Smyth opened Core, on Kensington Park Road, when she finally left the Ramsay empire to start out on her own in 2017. The building has a strong culinary legacy; it was here that Prue Leith opened her eponymous restaurant way back in 1969. The interior, unassuming and filled with potted plants and bookshelves and daubed in hues of white and cream, looks like the reception area of a Dutch bespoke publishing house.
But perhaps the blandness of the space is purposeful, as there is so little to distract your attention from the food, which is some of the most gastronomically astute in London. A tight, ambitious yet economical statement of intent on how far native ingredients can fly.
Take Smyth’s Charlotte potato dish. It’s a spud. A brown one. A regular one, about the size of a pack of playing cards. It sits proudly in a beurre blanc sauce, is daintily dashed with herring roe and stuck with salt and vinegar crisps. It’s a signature dish at Core and is still perhaps Smyth’s greatest attempt so far to turn the mundane into the monumental. The pop of roe, the softness of spud and the lick of salt and crunch; these flavours are at once robust modernity and dewy-eyed nostalgia. A Philippe Starck chair resting on an orange Axminster carpet.
“I love the challenge that comes with making
something spectacular with a carrot or a potato,” says Smyth. “Fine dining can be so pretentious and intimidating sometimes. I wanted to base what I do on nothing more complicated than the things I reach for first in the kitchen and the things I like to eat. A lot of it is about nostalgia and memory for me. Emotions are how you connect with people when it comes to food; it’s more powerful than any luxury ingredient.”
Now a fully paid-up member of the most rarefied of chef circles (she even beat the rest of the country’s top foodie contenders to cook at the royal wedding of Prince Harry and Meghan Markle in 2018), Smyth’s views on the fine dining scene are as refreshing and direct as her food.
“Michelin-starred cooking still is fixated on French cuisine,” she insists. “I want to bring the same level of technical brilliance but with ingredients from our own culture. Being British is important to me and I don’t want to play second fiddle to France. Food tells the story of what’s around us.

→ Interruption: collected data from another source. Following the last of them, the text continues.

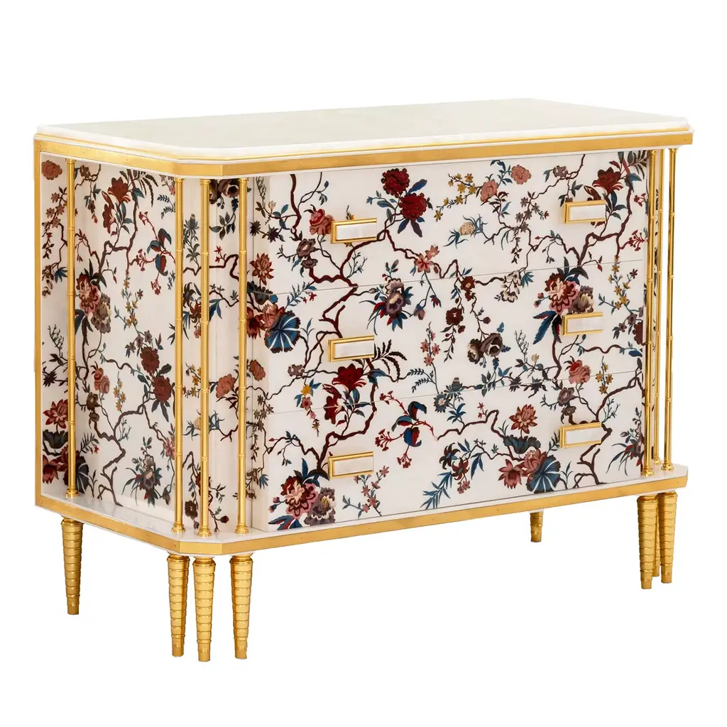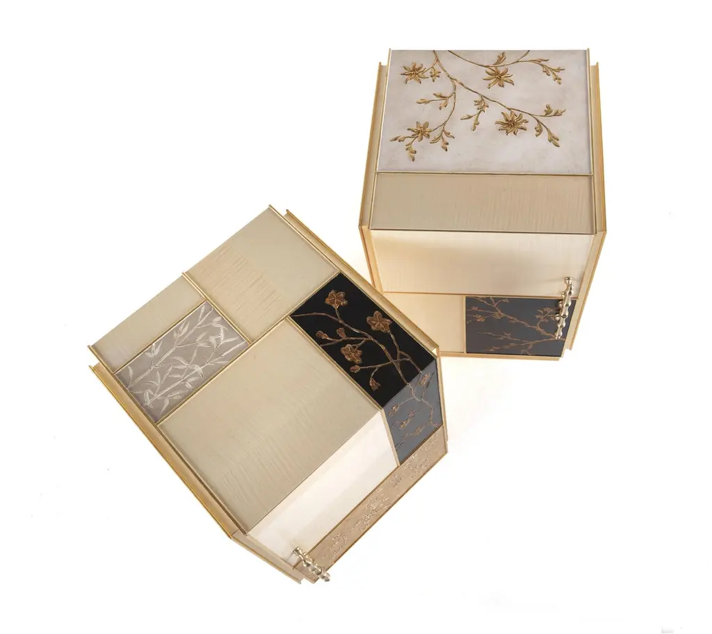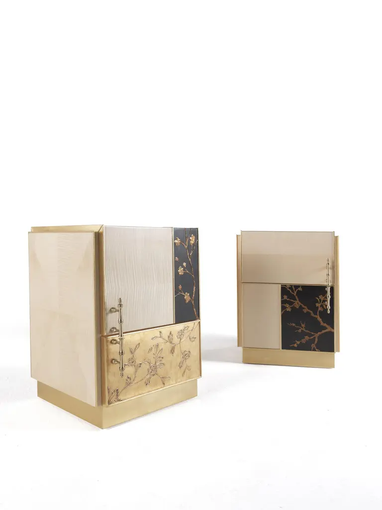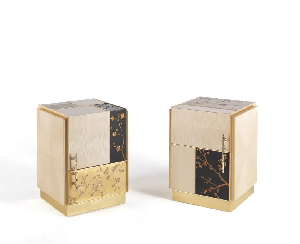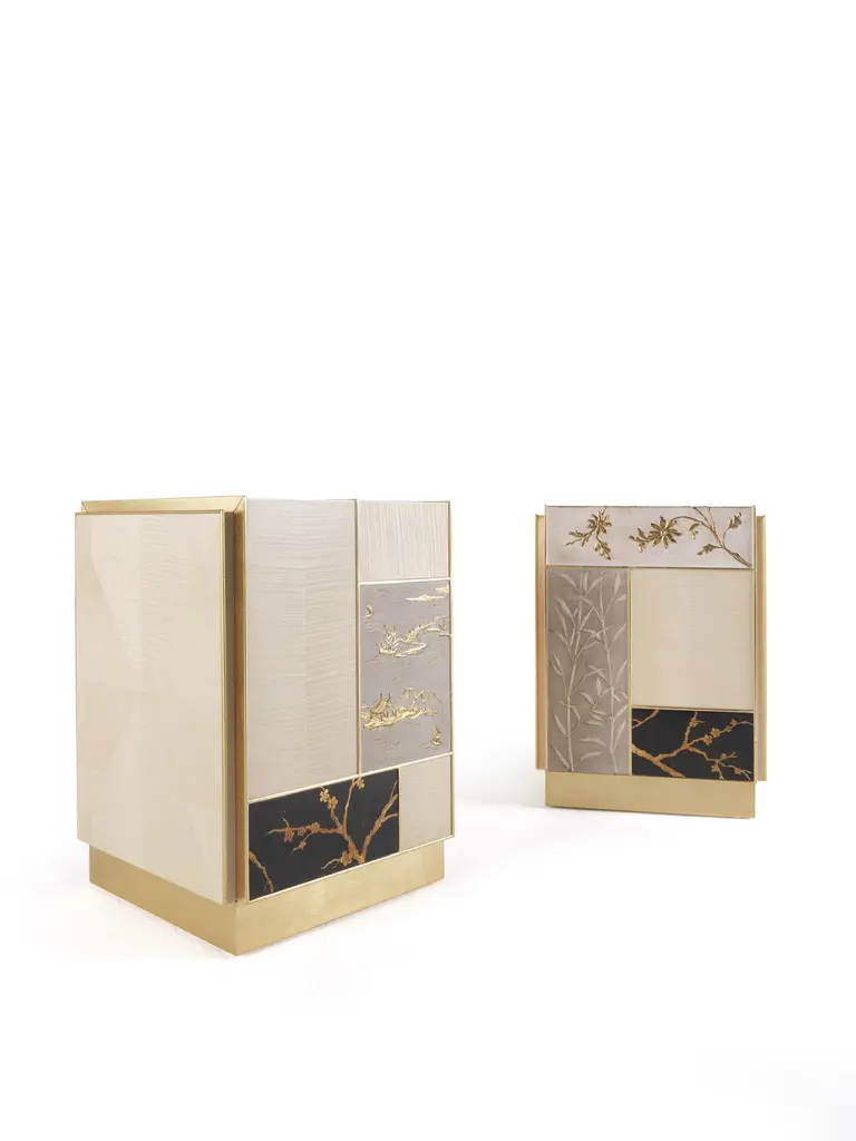"Ukiyo” is an evocative name recalling the “images from the floating world” of the famous traditional Japanese prints. The furniture line includes sideboard, central and side table and is characterized by a peculiar composition that alternates elements veneered in frisé maple with tiles decorated using gypsum as a support, in relief or engraved, and subsequent chromatic decoration, as in the famous traditional Chinese lacquers, applied in this case to contemporary forms.Ukiyo side table with structure in multilayer maple. Panels decorated in relief plaster. One door and one drawer. Base finished in glossy gold JG297.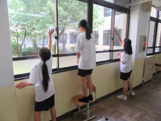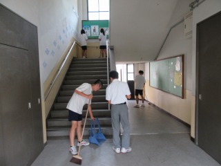 終業式の後は、大掃除に取り組みました。ガラスクリーナーできれいに窓を拭く人、階段や教室を掃き掃除する人、みんなしっかり取り組んでくれました。校舎も1学期お世話になったので、2学期に気持ちよく過ごせるよう、環境を整えました!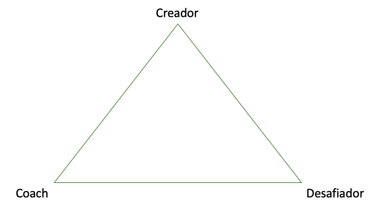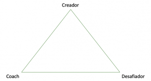 Este triángulo es el triángulo del liderazgo, un triángulo en el que: él que se expresa es el Creador y hay dos roles que acompañan al creador a impulsar su liderazgo. El rol de Coach que sostiene y reconoce quién es el creador y le acompaña. El Desafiador que desafía al creador a crear algo más grande.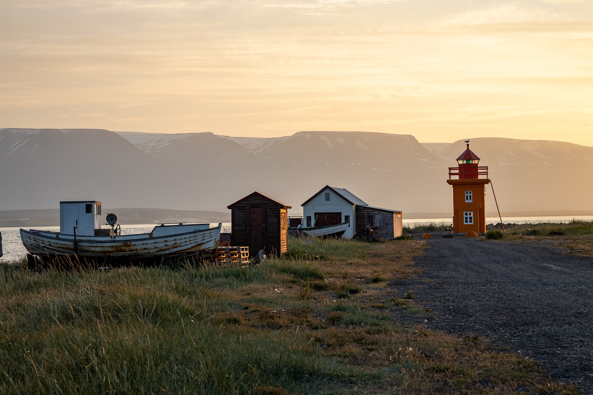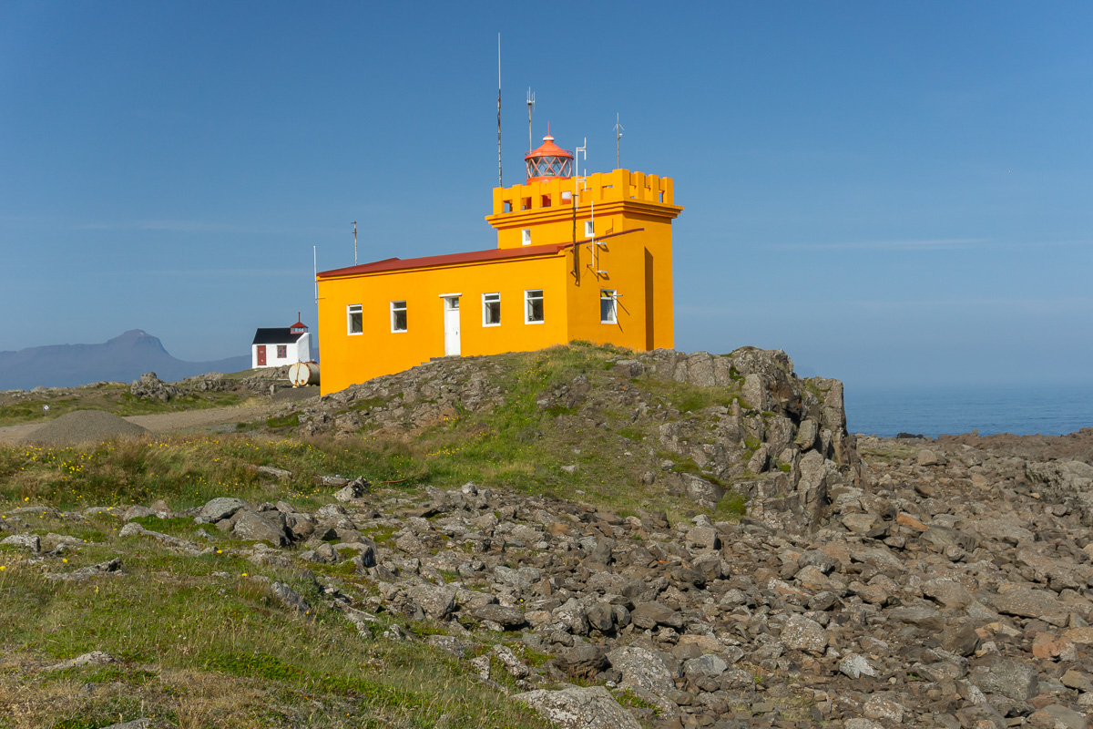 La gravelle 953 (très raide) nous permet de passer le magnifique col MJOAFJARDARHEIDI et de remonter le fjord MJOIFJORDUR très sauvage, pour finir dans un village du bout du monde et un phare orange comme il se doit en Islande.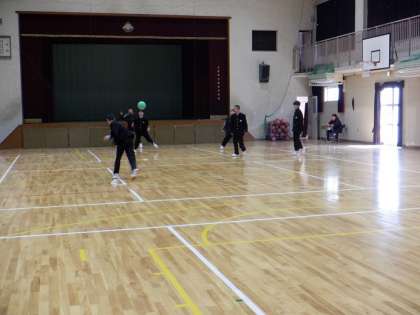 今日は1・2年生が運動場や体育館でボール遊びをしています。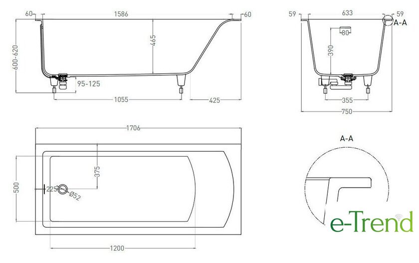 | Глубина ванны | 46 см |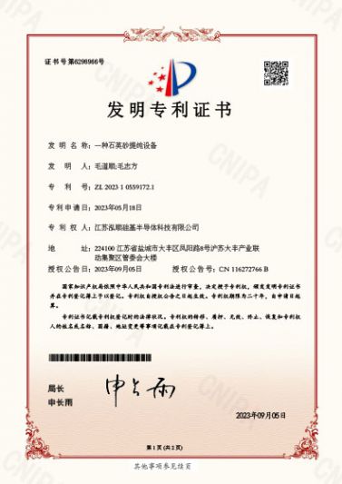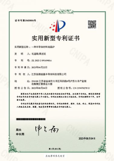 ? 近期,江蘇泓順硅基半導體科技有限公司接連獲得5項專利授權,其中3項發明專利,2項實用新型專利。公司已累計獲得專利授權16項,其中發明專利11項,實用新型專利...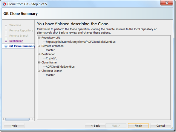 There it is, all the code that was in the remote repository on GitHub, cloned locally to the file system and ready to run in JDeveloper. By running a simple wizard that required two pieces of information: the URL of the remote repository and the destination directory on the local file system.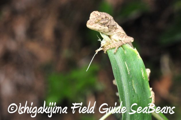 気持ち良さそうに寝ていたサキシマキノボリトカゲ。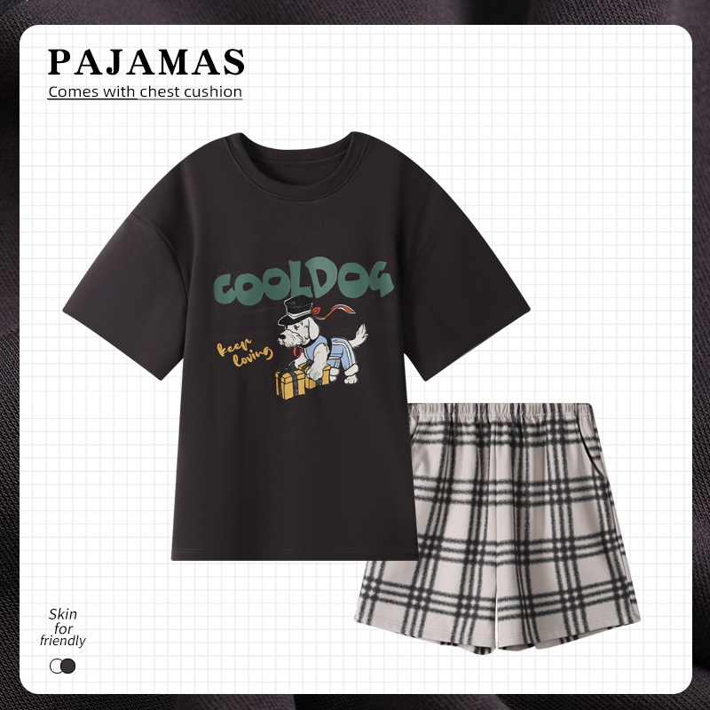 【巨柔】メンズモーダルパジャマ半袖夏2025新作青少年半ズボン家庭服セット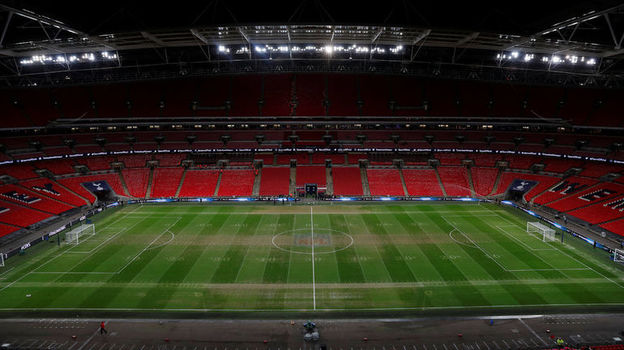 Матч 10-го тура чемпионата Англии между "Тоттенхэмом" и "Манчестер Сити" в Лондоне на стадионе "Уэмбли" состоялся в непривычной обстановке. На поле нанесена разметка для американского футбола.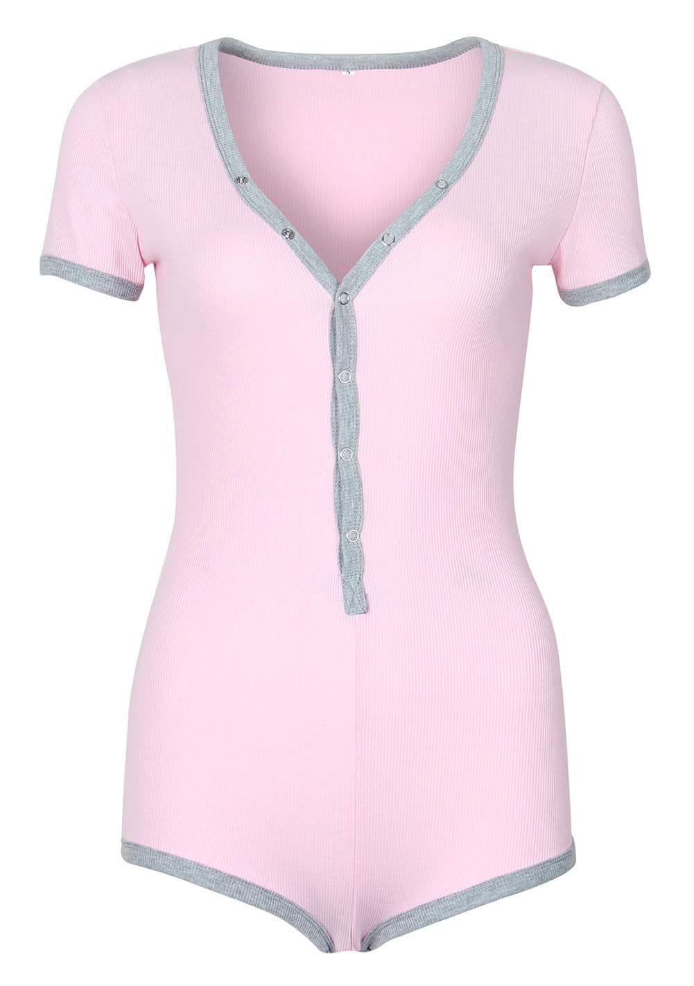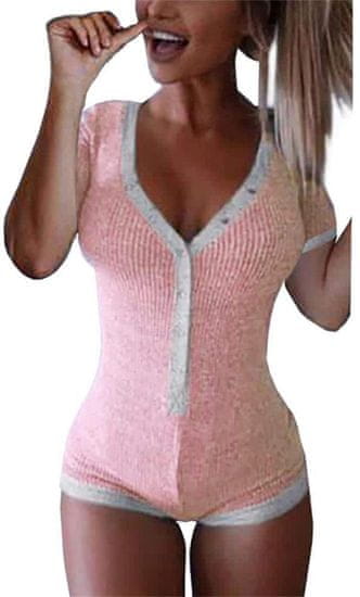 Ženski bodi rožnato-siv s kratkimi rokavi, dekoltejem in gumbi M

When people travel to the UK and come to Core I want them to eat things that are British: jellied eels, beef and mince; these are the ingredients with stories behind them. That’s the story of our land and where we’re from.”
Rushing off to begin yet another lengthy evening service, Smyth leaves me with another piece of her no-nonsense philosophy on food, one that seems to chime perfectly with a close-to-postCovid London where, after a lengthy break from the joys of eating out, we are more grateful than ever for the survival of places that get right the basics of what a restaurant, bar or greasy spoon should be.
“We’re the experts,” Smyth states firmly. “You’re coming here to eat and to be entertained. All the nonsense about fine dining restaurants is gone from Core. And it is all nonsense. I don’t care if customers pronounce the name of the wine or a dish wrong. It absolutely doesn’t matter. Just sit back and enjoy it. Nobody who is paying for their dinner should ever have to do anything more than that.”